Router "security"!

[SiegeTank]

I help out an elderly neighbor from time to time. He has Internet, which he uses on one WIRED connection to Verizon DSL to visit Drudgereport.com and wait for emails from his nephews who almost never write him. That's about all he does.

He was using a Westell 6100 modem from 2007 which worked well but evidently started having problems, probably due to a power surge. So he called Verizon and, after trying to get him to upgrade his Internet speed (for more money, always a priority for Verizon CS, even when talking with old folks on a tight budget) they finally just offered to send him a new D-Link DSL-2750B Wireless Gateway. Then he called me to help him set it up.

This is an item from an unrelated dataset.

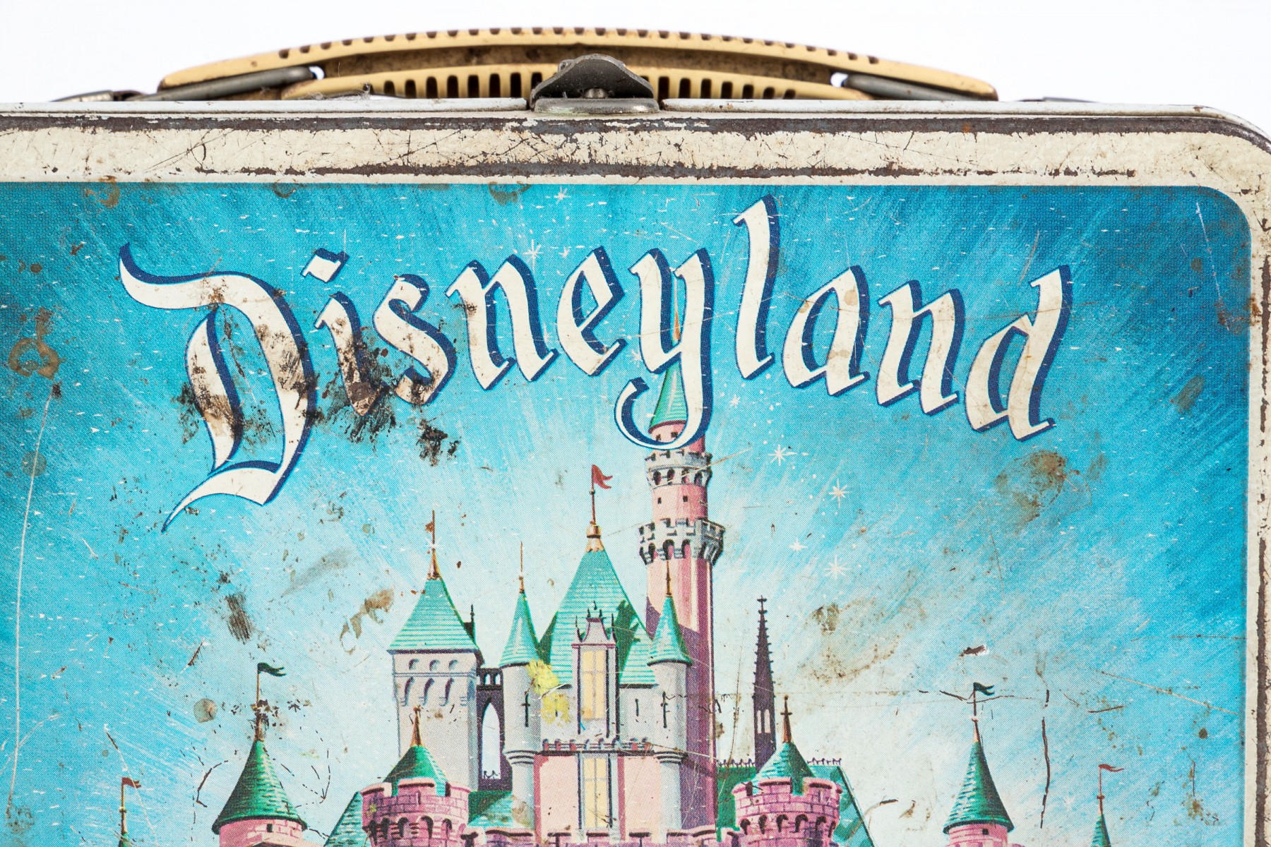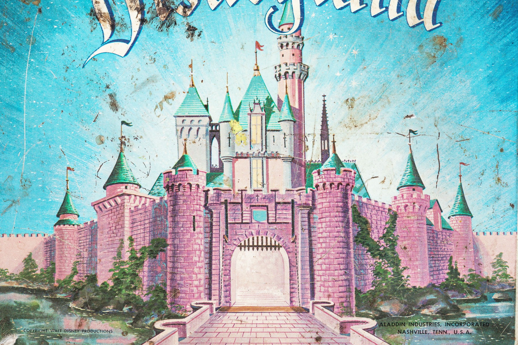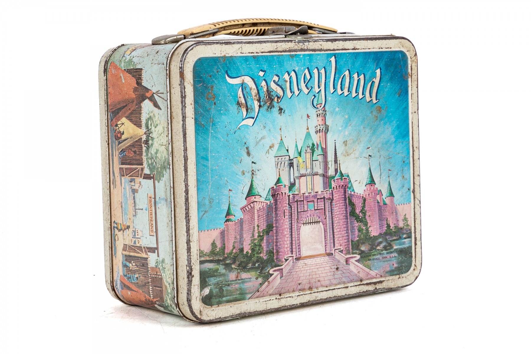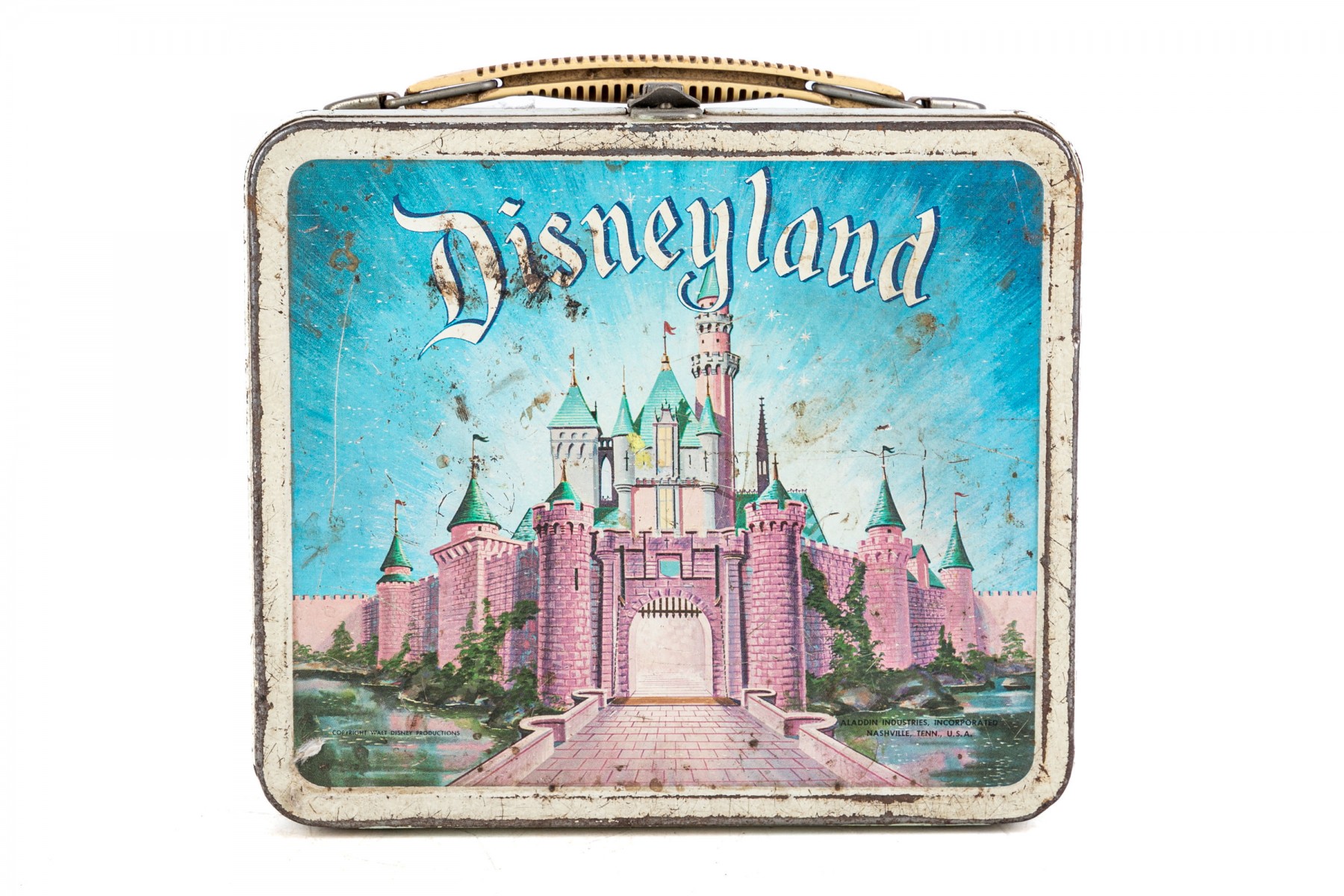 Vintage Disneyland tin litho lunch box with Disney castle on front. Copyright Aladdin Industries, Nashville, Tenn., USA. No thermos.

This kind of thing is pretty straightforward, if you're at all technically literate. But he isn't so I helped. Now he doesn't want OR need Wireless so I configured it with wireless disabled. What kills me is the router has a push button on the back which, when pressed, completely overrides the router's software configuration, enabling wireless. What's really lame is that the default settings are not close to maximally secure. So this forced me to entirely configure the wireless, hiding the SSID broadcast, lengthening the WPA2 key from the default 16, adding MAC address filtering (his ONE system) and just generally tightening it up as if he were going to use it.

What's annoying is there is no way a button on the box should override software settings. The button should be a way to temporarily disable wireless on a system where the software has enabled it. NOT the other way around! It would be so easy for my aged friend to accidentally press that button. Yeah, the WLAN light would come on the front but it's pretty subtle and he wouldn't be paying any attention to the lights anyway.

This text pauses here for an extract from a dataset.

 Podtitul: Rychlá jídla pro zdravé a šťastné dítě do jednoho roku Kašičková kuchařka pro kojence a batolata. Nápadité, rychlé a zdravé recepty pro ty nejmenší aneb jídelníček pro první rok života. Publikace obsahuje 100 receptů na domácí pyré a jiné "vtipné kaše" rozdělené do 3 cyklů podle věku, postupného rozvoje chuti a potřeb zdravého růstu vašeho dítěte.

I'm doubly annoyed because this reminds me that companies like Verizon ALWAYS operate to maximize their profit and minimize how much personal contact they need to have with their customers. Some exec made a business decision that if an old guy loses financially because he gets hacked due to a situation like this, it's less likely to affect Verizon financially than the cost of dealing with multiple customers who don't understand that pressing the WLAN button on the router won't override the software setting, which SHOULD be disabled by default---a conservative setting that PROTECTS their customers.

Yeah, you can call me naïve if I expect companies would look out for their customers' welfare. But I can dream, right?

Opinions?

 

[Zero0003]

Well.... If you want my 2 cents its not for your cause.

People take internet security to the extreme. Is it Needed? No. Unless you got something top secret or really trying to hide then it is a big waste of time. The casual WPA security should be fine, is it the most secure? No, but for an average person just to get internet should be fine.

Most all in one wireless router/modem have a generic SSID and passcode for the wireless that is on a sticker on the device. Resetting it will default back to those settings and that is normal as it give Tech Support a little more guidance to help the user.

User calls in about internet issues
Tech says press the button and hold it down for setting default settings
Tech says Once done connect to the internet with the SSID and wireless on the side of the mode/router
DONE!!

Locking it down to MAC address filtering, hiding SSID, turning off wireless, setting the most secure firewall, blah blah list goes on is just limiting yourself to the world of technology out there. If someone from his family visit him and wanted to use the internet or wireless... OOPS sorry can't. Why even limit yourself to that where it has to force a more technical person to come back to turn stuff on that should of been turned on in the first place.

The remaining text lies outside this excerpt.